▶ _ASSIGNMENT_
Repeat the listing that follows, character for character, minus the pictures.

▶ _DATASET EXTRACT_
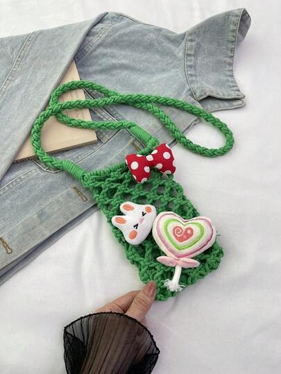 Bolsa de teléfono de punto hueca, bolsa pequeña colgante diagonal de un solo hombro con peluche - Verde - Añade 3
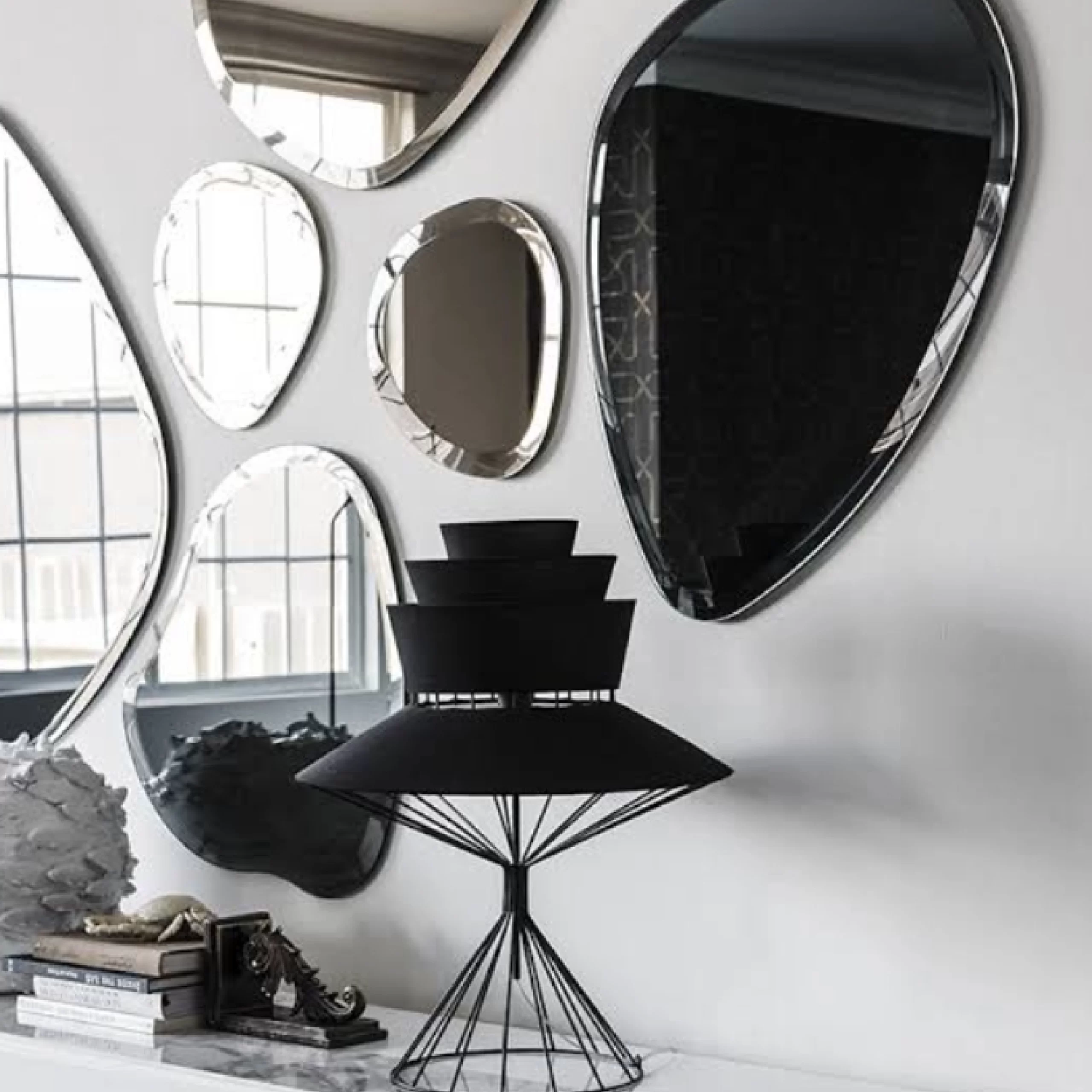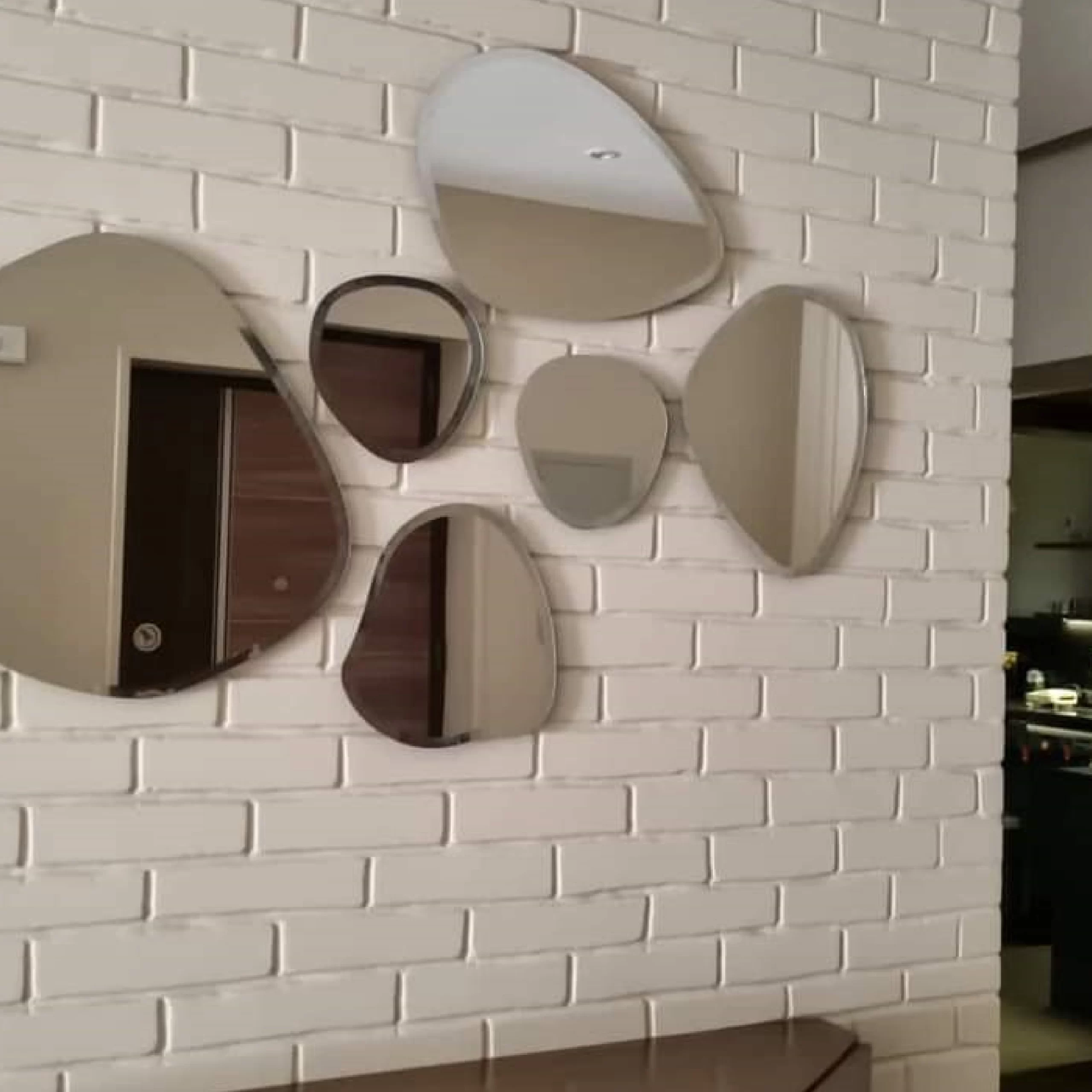 طقم مرايات الحائط ده بيقدم إضافة جميلة وعملية لبيتك. مصنوع من أجود أنواع الزجاج وبيتميز بحواف مشطوفة راقية، تصميمهم القابل للتكيف بيسمح بوضع متعدد الاستخدامات، وبيرفع فوراً أي مساحة بأناقة راقية. الأبعاد: ٥٧.٨٠×٦٢.٢٦ سم، ٤٨.٣٣×٣٩.٢٦ سم، ٣٥.٥٦×٤٣.٧٨ سم، ٣٢.٩٠×٣٤.٨٥ سم، ٢٠.٢٤×١٩.٧٨ سم، ١٩.٤٨×٢٠.١٢ سم.
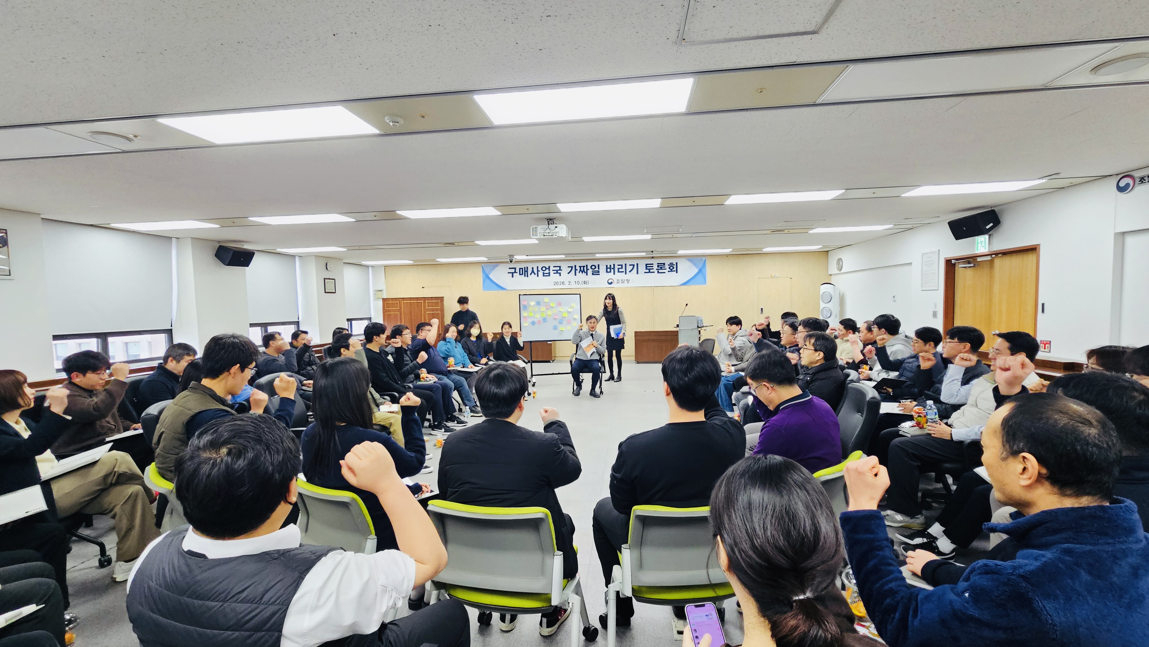 조달청(청장 백승보)은 2월 10일 정부대전청사에서 구매계약업무 담당 약 80명의 직원이 참여한 가운데 "2026년도 구매사업국 타운홀미팅"을 개최했다.

▶ _SOLUTION TO THIS TASK_
 Bolsa de teléfono de punto hueca, bolsa pequeña colgante diagonal de un solo hombro con peluche - Verde - Añade 3
 طقم مرايات الحائط ده بيقدم إضافة جميلة وعملية لبيتك. مصنوع من أجود أنواع الزجاج وبيتميز بحواف مشطوفة راقية، تصميمهم القابل للتكيف بيسمح بوضع متعدد الاستخدامات، وبيرفع فوراً أي مساحة بأناقة راقية. الأبعاد: ٥٧.٨٠×٦٢.٢٦ سم، ٤٨.٣٣×٣٩.٢٦ سم، ٣٥.٥٦×٤٣.٧٨ سم، ٣٢.٩٠×٣٤.٨٥ سم، ٢٠.٢٤×١٩.٧٨ سم، ١٩.٤٨×٢٠.١٢ سم.
 조달청(청장 백승보)은 2월 10일 정부대전청사에서 구매계약업무 담당 약 80명의 직원이 참여한 가운데 "2026년도 구매사업국 타운홀미팅"을 개최했다.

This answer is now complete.